All of these moves led to a financial default and another wave of impoverishment.
The Russian people have not named Vladimir Putin Il Duce (‘The Leader’). He has been identified as such, just as earlier in history in Italy, by those who saw arbitrariness and violence as a lesser evil than the loss of their elite privileges.
Fascists in Europe were largely brought to power by the struggle between social democrats and communists and generally fragmented democratic forces. However, in Russia, the new fascist regime has been formed as a consequence of the unwillingness of self-proclaimed democrats to share power with those who do not share their views on the direction of the further development of Russia but who would generally be forced to act in a democratic manner (The author reminds us of the transformation of communists, who staged an armed revolt in 1993, but later came to terms with the ruling regime, switched to peaceful campaigning and became the second largest political party in the parliament. – REM)
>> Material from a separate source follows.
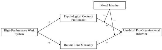 In summary, integrating a systems perspective with the dual-pathway logic of the JD-R model, this study proposes a moderated mediation framework (Figure 1) in which HPWSs serve as the independent variable, UPB as the dependent variable, psychological contract fulfillment and bottom-line mentality as parallel mediators, and moral identity as the moderating variable.

Of course, fascist regimes do not last forever - their leaders lose wars even with less serious opponents (and here, the parallels between today's Russia and Italy in the first half of the twentieth century are very appropriate). They are forced to adapt to the needs of economic development and geopolitical realities when left alone (one can recall here the evolution of the Franco regime).
However, the history of contemporary Russia provides a very important stimulus for reflection on trends which seemed to have already been appreciated and assimilated by the world by the end of the last century. It has been widely recognised that national humiliations and failures not only do not contribute to the formation of ‘normal’ countries - and Russia is no exception here - but also cannot make such humiliated countries safe for the world.
As a result of this understanding, Germany and Italy were quickly integrated into Atlantic institutions after the Second World War (Italy became a founding member of NATO and Germany joined the alliance in 1955; both countries co-founded the European Economic Community in 1957); Spain was swiftly accepted into NATO and the EEC after the dismantling of the Franco regime. Russia, by contrast, was not included in the community of Western democracies in the 1990s - and today we, and the world, are largely bearing the brunt of that mistake.
As in other countries, fascism in Russia will not last forever. Today its ideology is even more outdated than in the first half of the twentieth century. |
The mistakes of the domestic Hindenburgs are unlikely to be repeated. However, I am convinced that it is just as important not to repeat the mistakes of the Western politicians of the 1990s, who sought, if not to isolate Russia, then to forget about it as a bad dream.
Fascism does not go away by itself - even when defeated, it does not go away without a trace. The countries that suffered from fascism in the past needed to go through a period in which fascism was intentionally eliminated, like the program of Denazification in Germany.
The main challenge in this elimination of fascism is that it can only be achieved by integrating formerly fascist countries into structures of the Western democratic world. We can see examples of how this was done with Italy, Germany and other societies that took a false step.